# Bear Naked!!!



## diane5000

Yikes! Here we are in the backwoods and after an encounter with a four legged something?? we have been told we have set our homestead in country which is highly concentrated with bears. I find this very unnerving.

What to do?? What not to do please???

Diane 
From Beyond the Grid | Lliving the green life


----------



## NaeKid

Just keep on keepin' on!

I noticed that on your website that you have become vegan. If you choose to eat meat (hunted), you will find that the bear population would skirt your property fairly quickly.

In the meantime - all you can do is make sure that your food supplies are bear-proof in late fall / spring (when bears are at their hungriest) and that your buildings won't come crashing down around you when a bear tries to get inside.


----------



## diane5000

Hi NaeKid,

We really appreciate all of your sound advice. Keep it coming!!

Diane and Warren


----------



## NaeKid

diane5000 said:


> Hi NaeKid,
> 
> We really appreciate all of your sound advice. Keep it coming!!
> 
> Diane and Warren


And you two have a great blog going on. You are already living what I am hoping to be living shortly. A couple of financial hurdles must be crossed, then it is time to leave the city for the back-country that I love.

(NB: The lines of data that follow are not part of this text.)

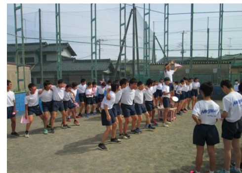
ピンク組応援団の結団式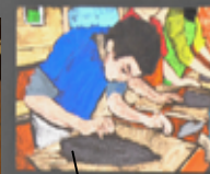
佐 亜 君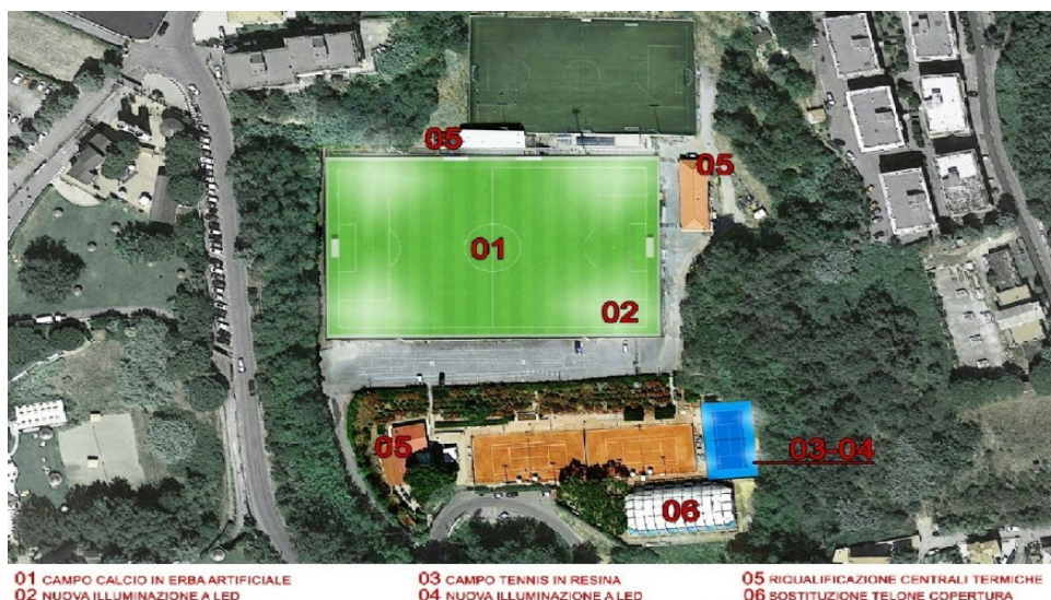
01 CAMPO CALCIO IN ERBA ARTIFICIALE 02 NUOVA ILLUMINAZIONE A LED 03 CAMPO TENNIS IN RESINA 04 NUOVA ILLUMINAZIONE A LED 05 RIQUALIFICAZIONE CENTRALI TERMICHE 06 SOSTITUZIONE TELONE COPERTURA

Just so that you know, I grew up in a tiny town perched on the side of a mountain. This tiny town was surrounded by bears, coyotes, deer, elk, moose, skunk, beaver - and all kinds of other creatures native to southern BC. I would play in the back yard while a momma bear and her cubs would be in the front yard and think nothing of it. I have hiked and camped out knowing that all kinds of wonderful creatures were nearby - and - I never feared them. I respect them, and what they can do.

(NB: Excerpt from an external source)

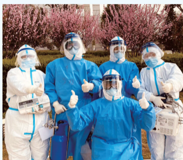
■ 纪录片团队与援鄂医护人员合影

4月8日,武汉解封,从上海出发的第一批赴鄂纪录片人已经平安归来,等待他们的,是妻儿的拥抱、父母的饭菜,以及每一天平凡生活的回归。他们走过武汉寂静街道,拍过空无一人的长江大桥、黄鹤楼,体会过步履匆匆的沉重,当岁月静好又回到了街头,欢声笑语又洋溢在了人间,他们想起在武汉的时光,一位导演说,“如何度过挑战?硬扛呗。”

Like I said in the posting above - set your food stores in such a way that the bears are not attracted to you, and just keep on doing what you are doing. Have respect for the bears for they are a powerful creature, but, do not fear them - they are more scared of you .. use that to your advantage.


----------



## Canadian

I'd recommend a Remington 870 pump action with a Knoxx stock and lots of slugs. If you need one to carry with you the same gun with the Knoxx folding stock is more compact. 

On my local gun and hunting forum many people have been charged by bears and had to put them down with shotgun or rifle fire. An Ontario resident killed one with a log earlier this year when it attacked him. Another hunter got tackled and had to kill the bear with a knife. Spray is alright but a shotgun is better. I think it's great they survived but I'd never want to end up hand to hand with a bear.

If the 870 is too heavy or large for you get a cheap single or double barrel and cut down the barrel or stock. You can get a back pouch for the gun. Just make sure you obey the law when cutting the gun down. 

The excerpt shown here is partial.